Nxsim is a Python package for simulating agents connected by any type of network using SimPy and Networkx in Python 3.4.
pip3 install nxsim # from PyPI
pip3 install git+git://github.com/kentwait/nxsim.git # from GitHub
Nxsim provides a framework for doing forward-time simulations of events occurring in a network. It uses Networkx to create a network and SimPy 3 to create agents over each node in the network.
To create a simulation, nxsim requires a graph generated by Networkx and an "agent" class to populate each node of the network.
First, create a graph using Networkx.
import networkx as nx
number_of_nodes = 10
G = nx.complete_graph(number_of_nodes)
Then, subclass BaseNetworkAgent to create your own agent based on your needs.
from nxsim import BaseNetworkAgent
# Just like subclassing a process in SimPy
class MyAgent(BaseNetworkAgent):
def __init__(self, environment=None, agent_id=0, state=()): # Make sure to have these three keyword arguments
super().__init__(environment=environment, agent_id=agent_id, state=state)

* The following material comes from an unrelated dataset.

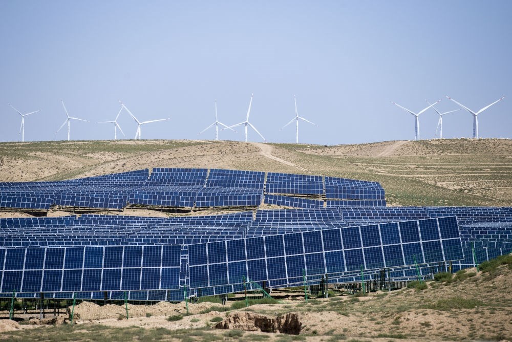 寧夏靈武,國能寧東200萬千瓦復(fù)合光伏基地,370多萬塊光伏板沿著廣袤荒灘起伏,在午后驕陽下泛起“粼粼波光”,不斷向浙江等地輸送綠電。
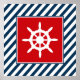 Design com temas náuticos com decoração das rodas de vela em quadrado sobre fundo listrado a azul e a branco

# Add your own attributes here
def run(self):
# Add your behaviors here
Notice that "agents" in nxsim use the same concepts as "processes" in SimPy 3 except that their interactions can be limited by the graph in the simulation environment. For more information about SimPy, they have a great introduction posted on their website.
Here is a graph-based example:
import random
from nxsim import BaseNetworkAgent
class ZombieOutbreak(BaseNetworkAgent):
def __init__(self, environment=None, agent_id=0, state=()):
super().__init__(environment=environment, agent_id=agent_id, state=state)
self.bite_prob = 0.05
def run(self):
while True:
if self.state['id'] == 1:
self.zombify()
yield self.env.timeout(1)
else:
yield self.env.event()
def zombify(self):
normal_neighbors = self.get_neighboring_agents(state_id=0)
for neighbor in normal_neighbors:
if random.random() < self.bite_prob:
neighbor.state['id'] = 1 # zombie
print(self.env.now, self.id, neighbor.id, sep='\t')
break
You can now set-up your simulation by creating a NetworkSimulation instance.
from nxsim import NetworkSimulation
# Initialize agent states. Let's assume everyone is normal.
# Add keys as as necessary, but "id" must always refer to that state category
init_states = [{'id': 0, } for _ in range(number_of_nodes)]
# Seed a zombie
init_states[5] = {'id': 1}
sim = NetworkSimulation(topology=G, states=init_states, agent_type=ZombieOutbreak,
max_time=30, dir_path='sim_01', num_trials=1, logging_interval=1.0)
And finally, start it up.
sim.run_simulation()
Running the simulation saves pickled dictionaries into the dir_path folder, in this case to "sim_01". Now, let's retrieve the history and states of the trial
trial = BaseLoggingAgent.open_trial_state_history(dir_path='sim_01', trial_id=0)
And plot the number of zombies per time interval using matplotlib:
from matplotlib import pyplot as plt
zombie_census = [sum([1 for node_id, state in g.items() if state['id'] == 1]) for t,g in trial.items()]
plt.plot(zombie_census)
And that's it!
This package is still under development. If you encounter a bug, please file an issue at https://github.com/kentwait/nxsim/issues to get it resolved.
Thanks to Joé Schaul for bringing ComplexNetworkSim to the world. This project is a SimPy 3- and Python 3.4-compatible fork of ComplexNetworkSim.